* [Instructions to follow] The data should be written out in full, exactly as it stands, and the pictures dropped.

* [Data listing]

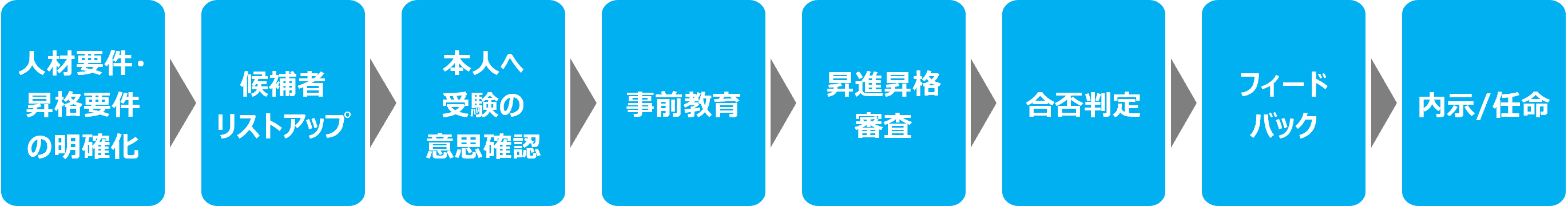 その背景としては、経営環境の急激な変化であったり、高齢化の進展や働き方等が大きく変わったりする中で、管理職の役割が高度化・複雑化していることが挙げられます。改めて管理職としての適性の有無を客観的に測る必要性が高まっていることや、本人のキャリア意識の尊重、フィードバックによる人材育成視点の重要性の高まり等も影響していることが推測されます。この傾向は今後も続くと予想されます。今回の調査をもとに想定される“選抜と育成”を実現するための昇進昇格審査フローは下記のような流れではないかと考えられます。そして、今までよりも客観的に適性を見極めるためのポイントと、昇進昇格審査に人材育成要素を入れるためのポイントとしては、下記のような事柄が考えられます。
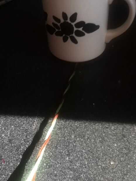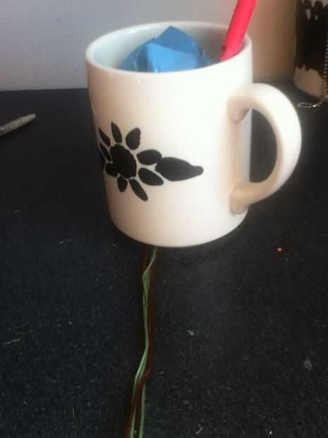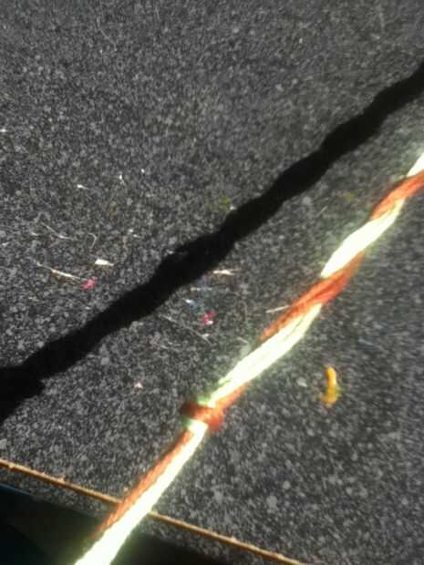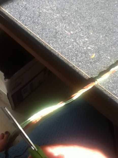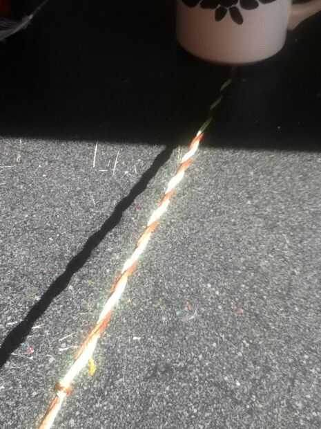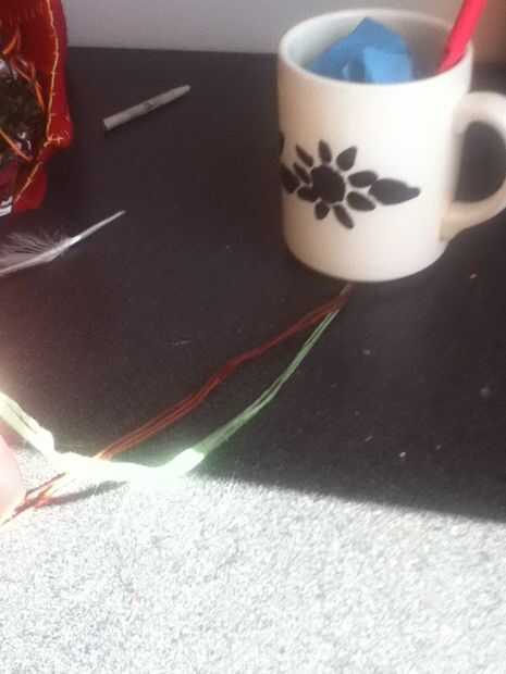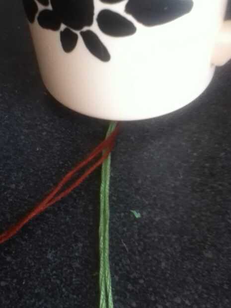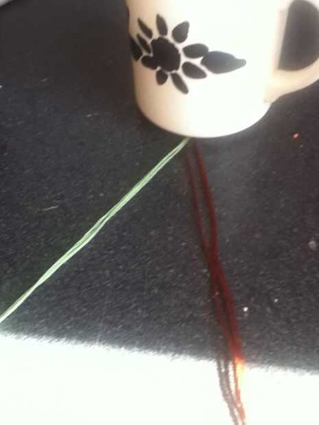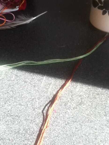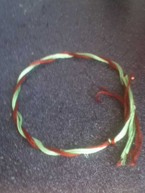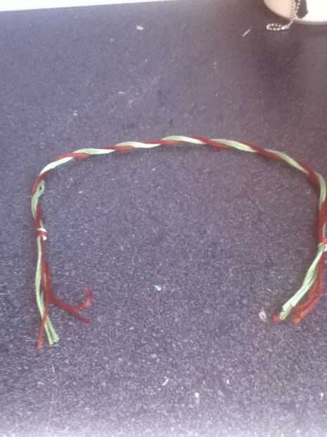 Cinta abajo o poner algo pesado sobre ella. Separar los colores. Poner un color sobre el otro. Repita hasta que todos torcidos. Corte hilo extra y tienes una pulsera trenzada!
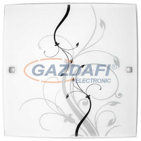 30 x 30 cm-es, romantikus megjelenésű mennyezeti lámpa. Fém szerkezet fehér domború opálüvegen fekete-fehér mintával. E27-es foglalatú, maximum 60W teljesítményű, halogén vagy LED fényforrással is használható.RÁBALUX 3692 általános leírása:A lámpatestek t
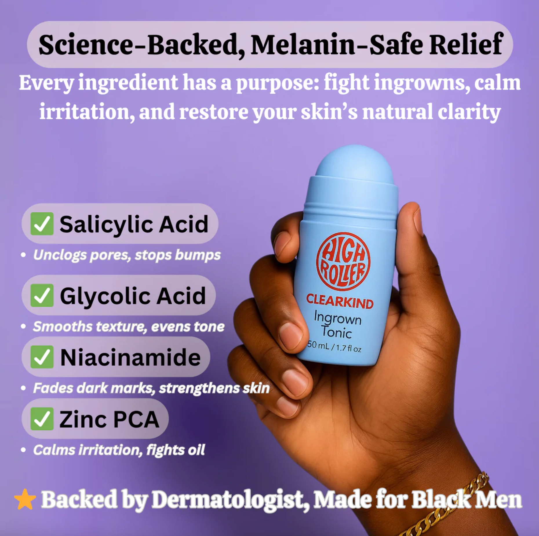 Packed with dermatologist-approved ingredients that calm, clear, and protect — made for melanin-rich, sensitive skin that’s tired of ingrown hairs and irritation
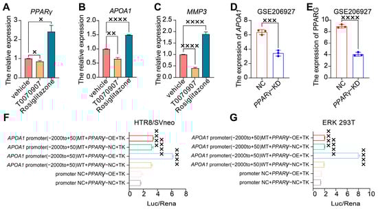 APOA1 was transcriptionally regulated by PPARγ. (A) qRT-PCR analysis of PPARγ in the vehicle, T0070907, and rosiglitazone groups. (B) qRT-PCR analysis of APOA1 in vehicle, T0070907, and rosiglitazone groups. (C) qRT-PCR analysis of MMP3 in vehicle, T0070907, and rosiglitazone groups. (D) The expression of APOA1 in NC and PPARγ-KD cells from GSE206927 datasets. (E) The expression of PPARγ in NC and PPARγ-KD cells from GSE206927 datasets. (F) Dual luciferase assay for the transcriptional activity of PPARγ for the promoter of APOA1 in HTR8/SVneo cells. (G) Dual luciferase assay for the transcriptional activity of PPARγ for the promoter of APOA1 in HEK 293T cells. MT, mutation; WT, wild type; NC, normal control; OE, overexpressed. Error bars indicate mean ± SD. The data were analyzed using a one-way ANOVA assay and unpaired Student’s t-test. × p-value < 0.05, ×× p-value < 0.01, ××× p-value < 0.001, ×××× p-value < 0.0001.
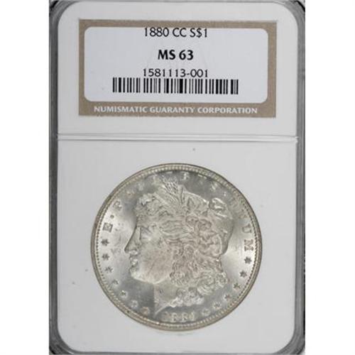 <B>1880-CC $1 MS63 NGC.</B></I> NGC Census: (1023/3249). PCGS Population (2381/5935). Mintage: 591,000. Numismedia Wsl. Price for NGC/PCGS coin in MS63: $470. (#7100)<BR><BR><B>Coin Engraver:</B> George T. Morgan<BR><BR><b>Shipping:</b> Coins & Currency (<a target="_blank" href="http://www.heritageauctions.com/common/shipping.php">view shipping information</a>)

* [Output below]
 その背景としては、経営環境の急激な変化であったり、高齢化の進展や働き方等が大きく変わったりする中で、管理職の役割が高度化・複雑化していることが挙げられます。改めて管理職としての適性の有無を客観的に測る必要性が高まっていることや、本人のキャリア意識の尊重、フィードバックによる人材育成視点の重要性の高まり等も影響していることが推測されます。この傾向は今後も続くと予想されます。今回の調査をもとに想定される“選抜と育成”を実現するための昇進昇格審査フローは下記のような流れではないかと考えられます。そして、今までよりも客観的に適性を見極めるためのポイントと、昇進昇格審査に人材育成要素を入れるためのポイントとしては、下記のような事柄が考えられます。
 Cinta abajo o poner algo pesado sobre ella. Separar los colores. Poner un color sobre el otro. Repita hasta que todos torcidos. Corte hilo extra y tienes una pulsera trenzada!
 30 x 30 cm-es, romantikus megjelenésű mennyezeti lámpa. Fém szerkezet fehér domború opálüvegen fekete-fehér mintával. E27-es foglalatú, maximum 60W teljesítményű, halogén vagy LED fényforrással is használható.RÁBALUX 3692 általános leírása:A lámpatestek t
 Packed with dermatologist-approved ingredients that calm, clear, and protect — made for melanin-rich, sensitive skin that’s tired of ingrown hairs and irritation
 APOA1 was transcriptionally regulated by PPARγ. (A) qRT-PCR analysis of PPARγ in the vehicle, T0070907, and rosiglitazone groups. (B) qRT-PCR analysis of APOA1 in vehicle, T0070907, and rosiglitazone groups. (C) qRT-PCR analysis of MMP3 in vehicle, T0070907, and rosiglitazone groups. (D) The expression of APOA1 in NC and PPARγ-KD cells from GSE206927 datasets. (E) The expression of PPARγ in NC and PPARγ-KD cells from GSE206927 datasets. (F) Dual luciferase assay for the transcriptional activity of PPARγ for the promoter of APOA1 in HTR8/SVneo cells. (G) Dual luciferase assay for the transcriptional activity of PPARγ for the promoter of APOA1 in HEK 293T cells. MT, mutation; WT, wild type; NC, normal control; OE, overexpressed. Error bars indicate mean ± SD. The data were analyzed using a one-way ANOVA assay and unpaired Student’s t-test. × p-value < 0.05, ×× p-value < 0.01, ××× p-value < 0.001, ×××× p-value < 0.0001.
 <B>1880-CC $1 MS63 NGC.</B></I> NGC Census: (1023/3249). PCGS Population (2381/5935). Mintage: 591,000. Numismedia Wsl. Price for NGC/PCGS coin in MS63: $470. (#7100)<BR><BR><B>Coin Engraver:</B> George T. Morgan<BR><BR><b>Shipping:</b> Coins & Currency (<a target="_blank" href="http://www.heritageauctions.com/common/shipping.php">view shipping information</a>)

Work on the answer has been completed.